I'm trying to solve exercise 6.2.11 (5) of Linear Algebraic group by Springer, but I'm a bit rusty in algebraic geometry, so I don't know how to proceed.
Let $P$ and $Q$ be parabolic subgroups in a linear algebraic group $G$ with $P\subseteq Q$.
Let $X$ be a closed subgroup of $G$ such that $XP=X$.
Then $XQ$ is closed.
My thought was that the hypothesis imply that both $\pi(X)$ and $\pi(Q)$ are closed and complete in $G/P$, where $\pi$ is the projection.
Moreover, $\pi^{-1}\left(\pi(XQ)\right)=XQ$, hence $XQ$ is closed if and only if its image is closed.
So, if I can prove that $\pi(XQ)\cong\pi(X)\times\pi(Q)$ it would be complete and closed and the claim would follow.
Unfortunately, I can't define a map from $\pi(X)\times\pi(Q)$ to $\pi(XQ)$, so this idea seems moot. Am I on the right track?
Consider the following maps $\pi_P : G \rightarrow G/P$ and $\pi_Q : G \rightarrow G/Q$ and $\pi_{P,Q} : G/P \rightarrow G/Q$. Note the last morphism is proper and hence is a closed map in particular.

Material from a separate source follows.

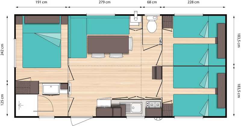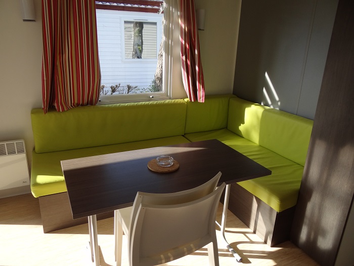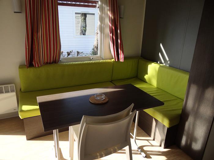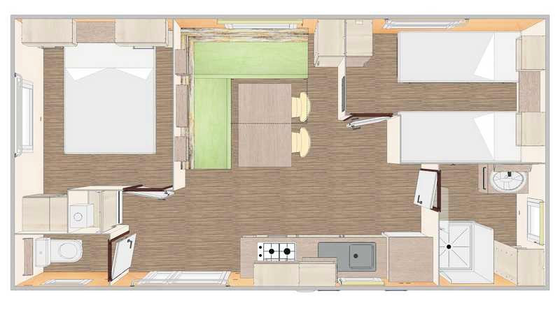 Mobil Home de 31m² 4 Pièces 6 Personnes datant de 2010 composé d'un coin séjour avec banquette, d'un coin cuisine équipé, d'une chambre avec 1 lit double, de deux chambres avec 2 lits simples chacune, d'une salle de douche et de WC séparé. Terrasse semi-couverte. Oreillers et couvertures fournies.

The hypothesis $XP = X$ implies that $\pi_P^{-1}(\pi_P(X)) = XP = X$. Hence, $\pi_P^{-1}(\pi_P(X))$ is closed. Thus $\pi_P(X)$ is a closed subset of $G/P$. It follows that $\overline{X} := \pi_{P,Q}(\pi_P(X))$ is a closed subset in $G/Q$, since $\pi_{P,Q}$ is a closed map.
Thus, $\pi_Q^{-1}(\overline{X})$ is a closed set in $G$. But, $\pi_Q^{-1}(\overline{X}) = XQ$. We are done!
Note that we did not need the fact that $X$ is a subgroup.